Archaeologists in the Amazon have discovered a series of “lost cities” that have flourished for thousands of years, the results of which were published Thursday in the journal Science.
Laser images have revealed an intricate network of roads, districts, and gardens as complex as those built by the Maya civilization.
Traces of the city were first noticed more than 20 years ago by archaeologist Stephane Rostain of France's National Center for Scientific Research (CNRS), but “I didn't have a complete overview of the area,” he told Science. Told.
A new laser mapping technology called LIDAR helped researchers see through forest cover and map new details of mounds and structures in Ecuador's Upano Valley settlement.
The images reveal a geometric pattern of more than 6,000 platforms connected by roads, intertwined with the agricultural landscape and river drainage channels of an urban farming civilization in the eastern foothills of the Andes.
“It was the Valley of the Lost City. It's unbelievable,” Rostain, who is leading the investigation at CNRS, told The Associated Press.
These sites were built and inhabited by the Upano people between about 500 BC and 300-600 AD, but the size of their population is not yet known.

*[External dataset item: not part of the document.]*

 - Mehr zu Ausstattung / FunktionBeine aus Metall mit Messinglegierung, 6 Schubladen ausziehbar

The research team found five large settlements and 10 smaller settlements with housing and ceremonial buildings across 116 square miles of the valley. Its size is comparable to other major ruins. For example, the core area of ​​Quilamope, one of the settlements, is as large as the Giza Plateau in Egypt or the main thoroughfare of Teotihuacan in Mexico.
The landscape of Upano societies may be comparable to Mayan “garden cities,” where homes were surrounded by farmland and most of the food consumed by residents was grown in the city, the authors write in Science. Told.

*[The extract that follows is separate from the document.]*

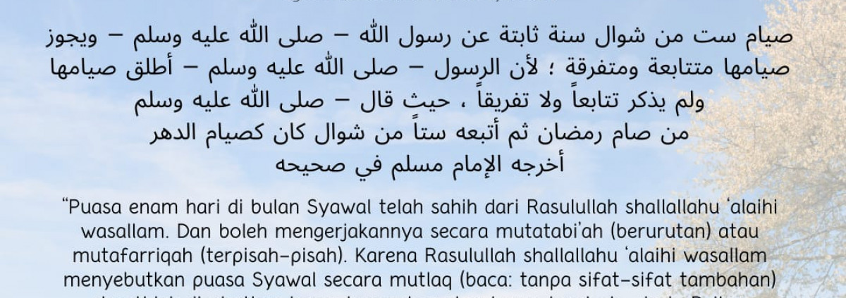 Tidak sebagaimana puasa Ramadan, puasa Syawal tidak disyaratkan harus berurutan (mutatabi’ah) dalam pelaksanaannya. Boleh dilakukan secara terpisah-pisah (mutafarriqah) harinya.

Co-author Fernando Mejia, an archaeologist at the Pontifical University of Ecuador, said the discovery of Upano was so far only the “tip of the iceberg” of what could be discovered in the Ecuadorian Amazon.
The Amazon is considered the world's most dangerous forest, home to dense towering trees, tangled vines, hostile wildlife, and poisonous insects. Archaeologists believed it was primarily suitable for hunter-gatherers, but inhospitable to complex civilizations.
But over the past two decades, scientists have discovered evidence of human habitation, including mounds, hillforts, and pyramids, in the Amazon River from Bolivia to Brazil.
The newly mapped city in the Upano Valley is 1,000 years older than previous discoveries, including the Bolivian Amazonian society Llanos de Mojos. The discovery shattered what scientists previously believed about civilizations in the Amazon rainforest.
And the details of the cultures of these two places are only just beginning to emerge.
German researcher Carla Jaimes Betancourt, an expert on Llanos de Mojos, told Science that the people of both Upano Valley and Llanos de Mojos were farmers. They built roads, canals, and large public and ceremonial buildings. But “we're just beginning to understand how these cities functioned, their populations, who they traded with, how their societies were governed, etc.” she said.
Rostain emphasized how much remains to be revealed. “We say 'Amazonia,' but we should say 'Amazonia' to capture the diversity of ancient cultures in this region,” he says.
“The Amazon has always had an incredibly diverse range of people and settlements, and there is not just one way of life,” he added. “We're still learning more about them.”